Reading RISC-V specification is very fun and a totally normal hobby that’s not weird at all. Anyway there is an interesting remark in the specification of the newly ratified Zalasr extension for load-acquire and store-release:
The versions without the aq bit set are RESERVED.
LD.{AQ, AQRL}is RV64-only.The aq bit is mandatory because the two encodings that would be produced are not seen as useful at this time. … The version with only the rl bit would correspond to load-release. Load-release has theoretical applications in seqlocks, but is not supported in language-level memory models and so is not included.
There is a similar remark on S*.RL about store-acquire.

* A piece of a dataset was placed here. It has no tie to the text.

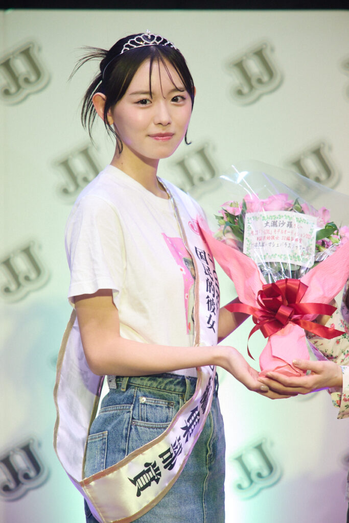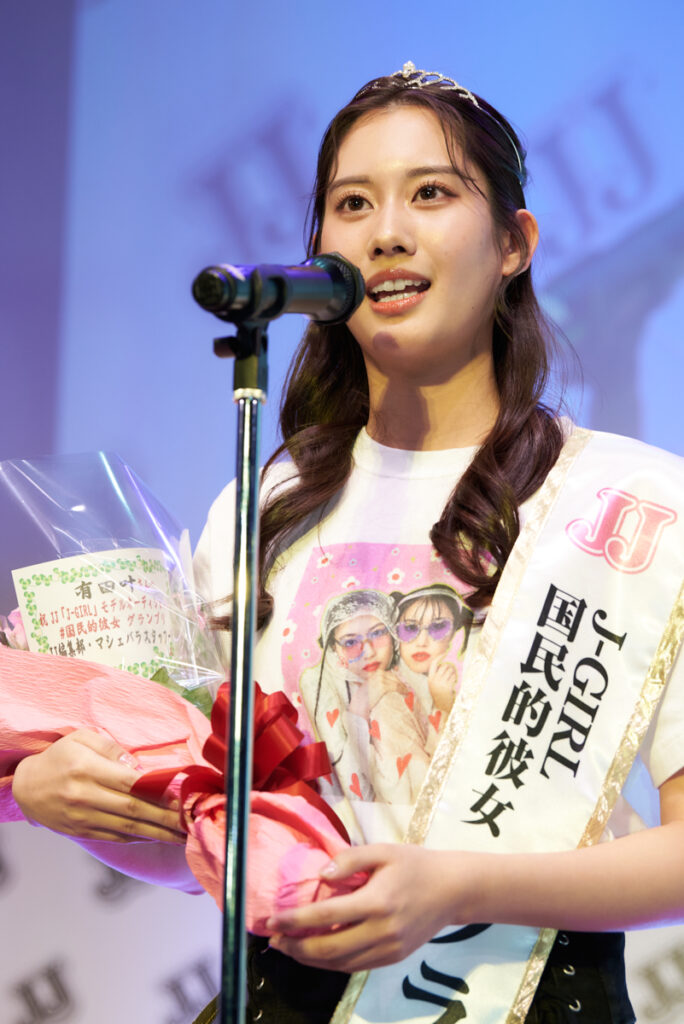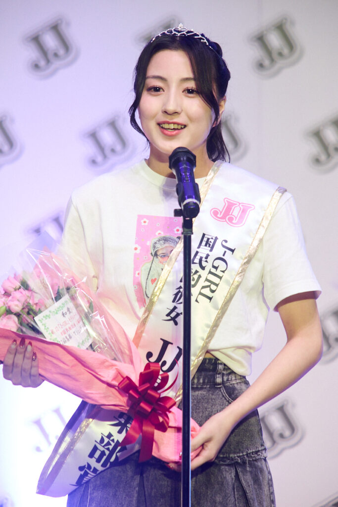 「私は第1回からこのオーディションを知っていました。いつか私もJ-GIRLになりたいと思い、これまでたくさんのオーディションやお仕事に挑戦して自信をつけてきました。今こうしてグランプリになれてこの景色をずっと見たかったこの景色を見られていることが本当に嬉しいです。ここまで応援してくださったファンの皆様には心から感謝しております。私と一緒に夢を叶えてくれてありがとうございます。JJ、J-GIRLにふさわしい女性になれるように、みんなに愛される素敵なモデルになれるように努力してまいります。そして、この1年間の活動を通して、応援してくださったすべての皆様に恩返しができるように毎日一つ一つを大切にしていきたいと思います。私はファンミーティングでJ-GIRLの先輩方に『私、絶対に後輩になります』と伝えました。こんなに強い言葉を使ったのは勇気がいることでしたが、みんながそれを本物に変えてくれました。本当にたくさんの応援をありがとうございました。J-GIRLの先輩方、これからどうぞよろしくお願いいたします」

At first glance, load-release and store-acquire don’t even seem to make sense. However, it should be remembered that coherence has four flavors. The most obvious one is the write-read coherence, where a write is observed by a subsequent read. But we also have read-write coherence, where a read did not observe a subsequent write. Ignoring some troublesome details arising from mixed-size accesses, every memory address has a total order of all reads and writes. So it’s pretty natural to consider a load-release and store-acquire pair.
Seqlocks
To have a better understanding of the semantics of load-release and store-acquire, let’s take a look at a seqlock. Seqlocks are a variant of reader-writer locks that slightly prioritize writers more. The traditional reader-writer locks , which an older post took a look at, may suffer from writer starvation. Seqlocks flip the priority, so a write can always proceed at any time, and readers may live-lock.
The structure of a seqlock is very similar to an optimistic lock on the reader side, plus a normal mutex on the writer side:
// The sequence number
// - If odd, a write is in progress
// - If even, readers are safe to read
atomic<uint64_t> seq = 0;
void do_read() {
while (true) {
uint64_t begin = seq.load(std::memory_order_acquire);
if (begin & 1) {
// Write in progress
continue;
}
////////
// Read data
////////
// Release the lock
atomic_thread_fence(std::memory_order_acquire);
uint64_t end = seq.load(std::memory_order_relaxed);
if (end == begin) {
// No write happened during read
break;
}
}
}
void do_write() {
// Acquire lock. This is done by treating the low bit of seq as a mutex.
uint64_t orig;
while (true) {
orig = seq.load(std::memory_order_relaxed);
if (orig & 1) {
// Another writer in progress
continue;
}
bool updated = seq.compare_exchange_weak(
orig, orig + 1,
std::memory_order_relaxed,
std::memory_order_relaxed
);
if (updated) {
atomic_thread_fence(std::memory_order_release);
break;
}
}
////////
// Update data
////////
// Release the lock
seq.store(orig + 2, std::memory_order_release);
}
Notably, like any optimistic lock, the locking successfulness is (also) checked at the end of the critical section. This results in a load-release / store-acquire pair.[1]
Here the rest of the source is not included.